Monday, February 13, 2012

Russian Private Property: Based on Fairness or Legality?

n a move to shore up popular support before the presidential election in 2012, Vladimir Putin called for a windfall levy on the dishonest privatisations of the 1990s. “We need to close the problems of the 1990s, of what, speaking honestly, was dishonest privatisation,” he told tycoons meeting at a congress of Russia’s big business lobby. He went on to say, “We need to establish the social legitimacy of private property itself and social confidence in business.”[1] The implication is that just acquisition is requisite to private property being recognized as legitimate, societally.

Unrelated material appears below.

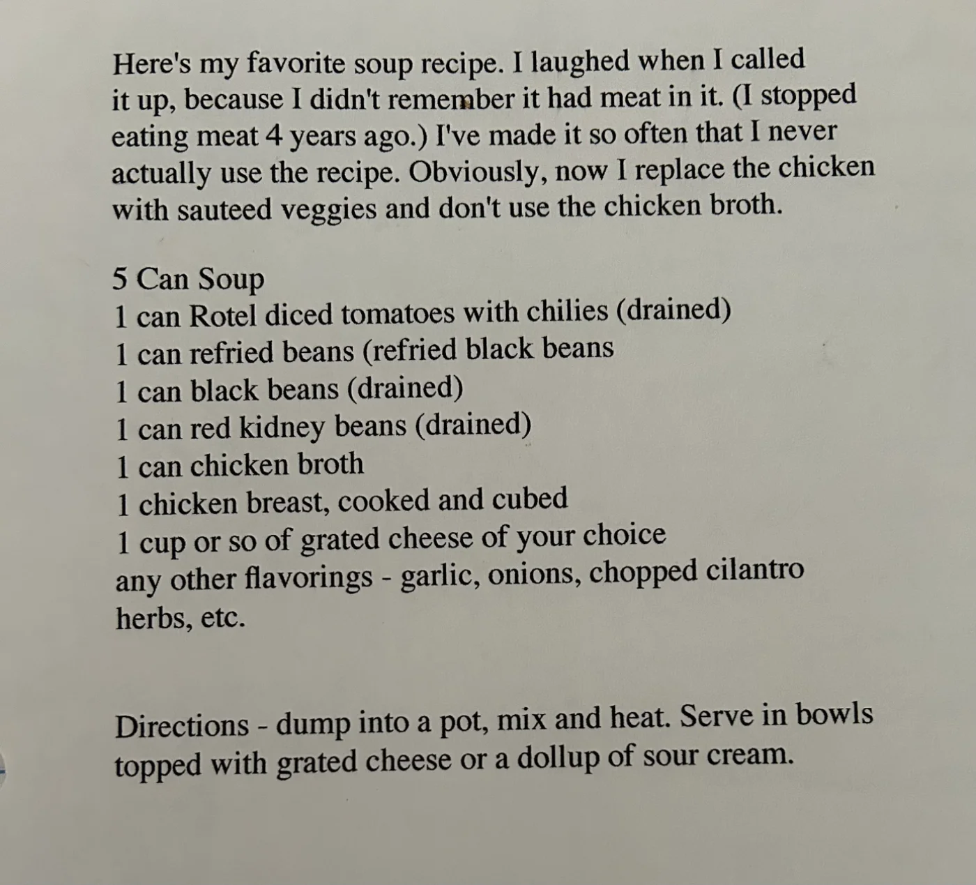 Found it. The top is her words, not mine (as I DO eat meat. 😋) The way she wrote it, it looks like the cheese goes into the soup, but I believe it’s just for topping after. At least, that’s what I thought. 🤔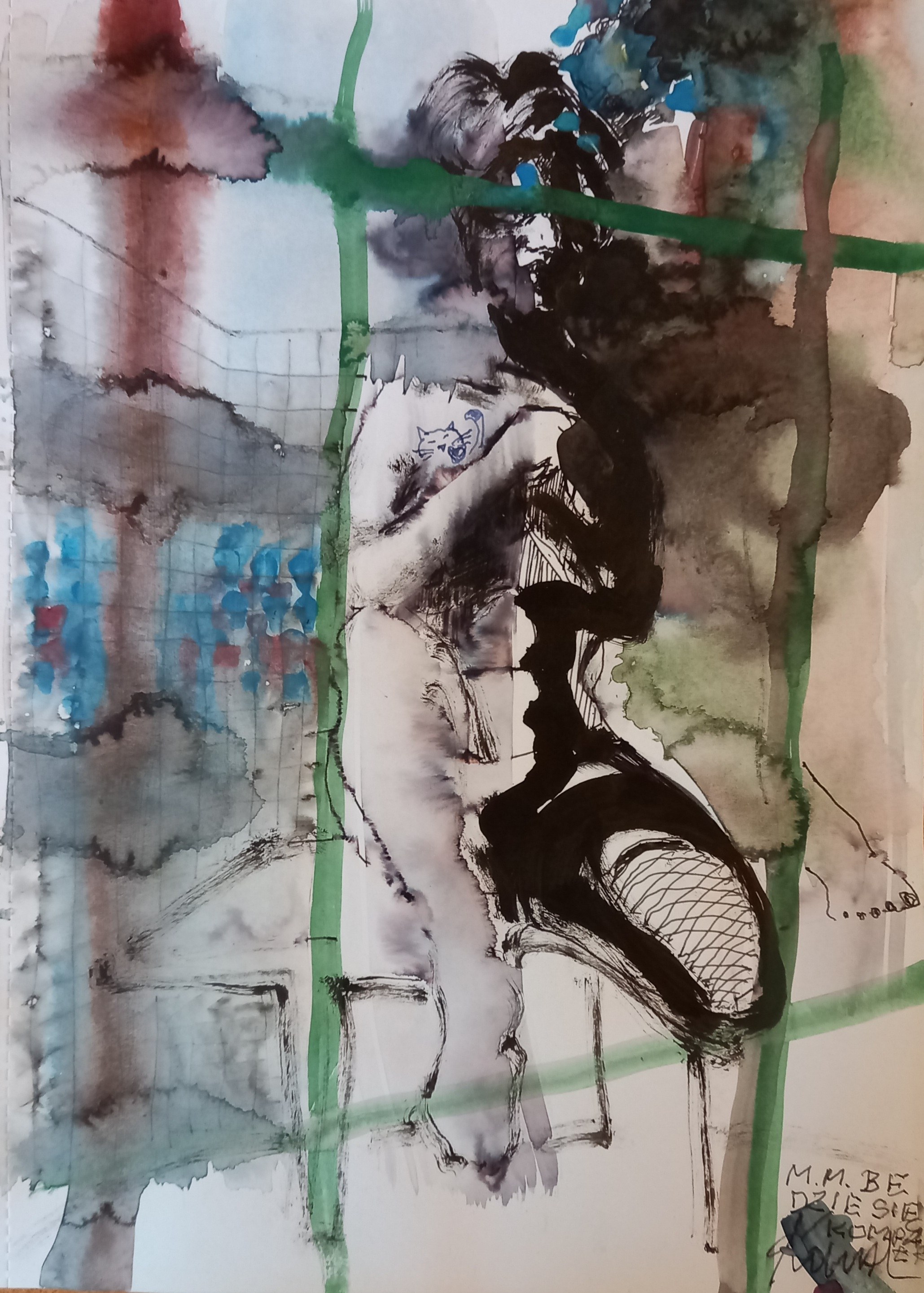 Akwarela , tusz lawowany , długopis / papier , sygn. i opisany p. / d. , format 29,5 X 21 cm.

Directly contradicting Putin’s assumption, Mikhail Prokhorov, the Russian billionaire who was running at the time against Putin for the presidency, said, “To review the [privatisation] results now would destroy the legitimacy of all property rights in the country. The problem is fundamental—everything that was done then was legal even if it wasn’t just.”[2] In other words, the acquisition need not be just for the property to be legitimate. In fact, it is the taking of private property that was acquired legally that undercuts the legitimacy of private property. If this is because such a taking is unfair, then why wouldn’t the unfairness in the privatisations in the 1990's also negate the legitimacy of the private property?


1. Catherine Belton, “Putin Calls ForWindfall Levy on “Dishonest” Privatisations,” Financial Times, February 10, 2012. 
2. Ibid.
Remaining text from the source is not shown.